Matching of LOD scores.
14 top-ranking gene clusters in all three disorders.
Closer look at candidate genes:
1) Some genes are regulators of cell cycle and cell death (EDAR, BCL2L11, NEK6,
SFRP1, MAPK7).
2) Some genes form intercellular contacts (TJP1, LGALS4, MMRN1, IBSP,
NPHP1)
3) A few genes are brain-specific growth and signal-transduction receptors and
small molecule transporters (RAPSN, APBA2, UBE3A, ALK, KCNB1).
4) A few others are related to immune response (CCL15, CSF2, CD55, IL10).
In a recent study (Bustamante et al, 2005) of positive selection patterns in the
human genome, it has been discovered that many genes involved in cell-cycle and
cell-death regulation appear to have undergone recent positive selection in the
lineage leading to hominid primates.
Thus, it is plausible that phenotypic effects that we classify as neurological
disorders are artifacts of a mosaic of small genetic changes that occurred during
evolutionary optimization of multiple physiological systems involved in the
unusually prolonged individual development of a human brain.
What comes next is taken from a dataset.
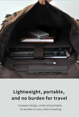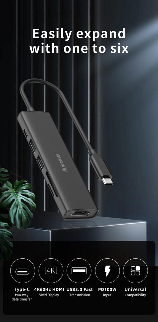 Huntkey D06 6‑in‑1 USB‑C dok-stansiýasy Brend: Huntkey Model: HKDC1500600 Ölçegi: 122 mm (uzynlyk) × 30 mm (ini) × 12 mm (belentlik) Kabeliň uzynlygy: 150 mm Portlar: 2× USB 3.0 1× USB-C (5 Gb/s + PD 100 W) 1× HDMI 1× SD 1× TF (microSD) HDMI çözgüdi: 4K × 2K, 30 Hz maksimum Kuwwat: Içerki giriş: 100 W Maks Çykyş: 92 W Maks Gabatlyk (Compatible System): Windows, Mac OS, Linux iOS, Android, iPad OS, Harmony OS

In this study, top disease-predisposing candidate loci are enriched with these cell
death and cell cycle related genes as computed by a test of randomized gene
sampling using gene ontology categories.
However, this significance of enrichment is likely to be a mere reflection of the
overall abundance of cell cycle and cell death related genes in our text-mined
network. (Possible weak point of this method - biasness).
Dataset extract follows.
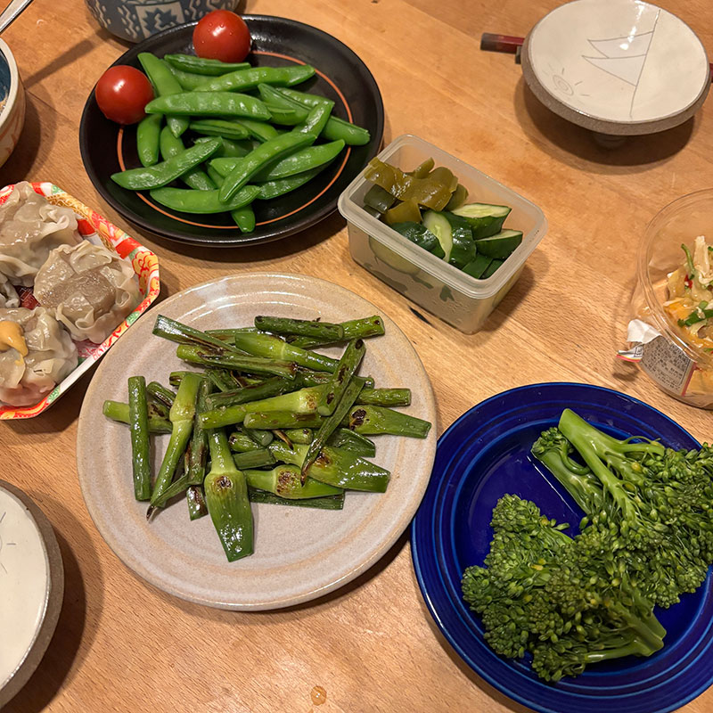 夕食に早速にんにくの芽を炒めて。ブロッコリーとスナップえんどうは茹でていただいた。近所の方にいただく野菜でメニューが決まる季節だ(笑)(感謝)

This analysis does not identify as significant any of the previously suggested 16
genes most likely related to schizophrenia susceptibility – consistent with the
hypothesis of genetic heterogeneity, majority of the 16 genes has no or very weak
linkage support in 94 families, while some genes provide good support – but,
unfortunately those genes have few known direct physical interactions and are
either disconnected or poorly connected in molecular-interaction network. (another
weak point of the method – incompleteness of the network).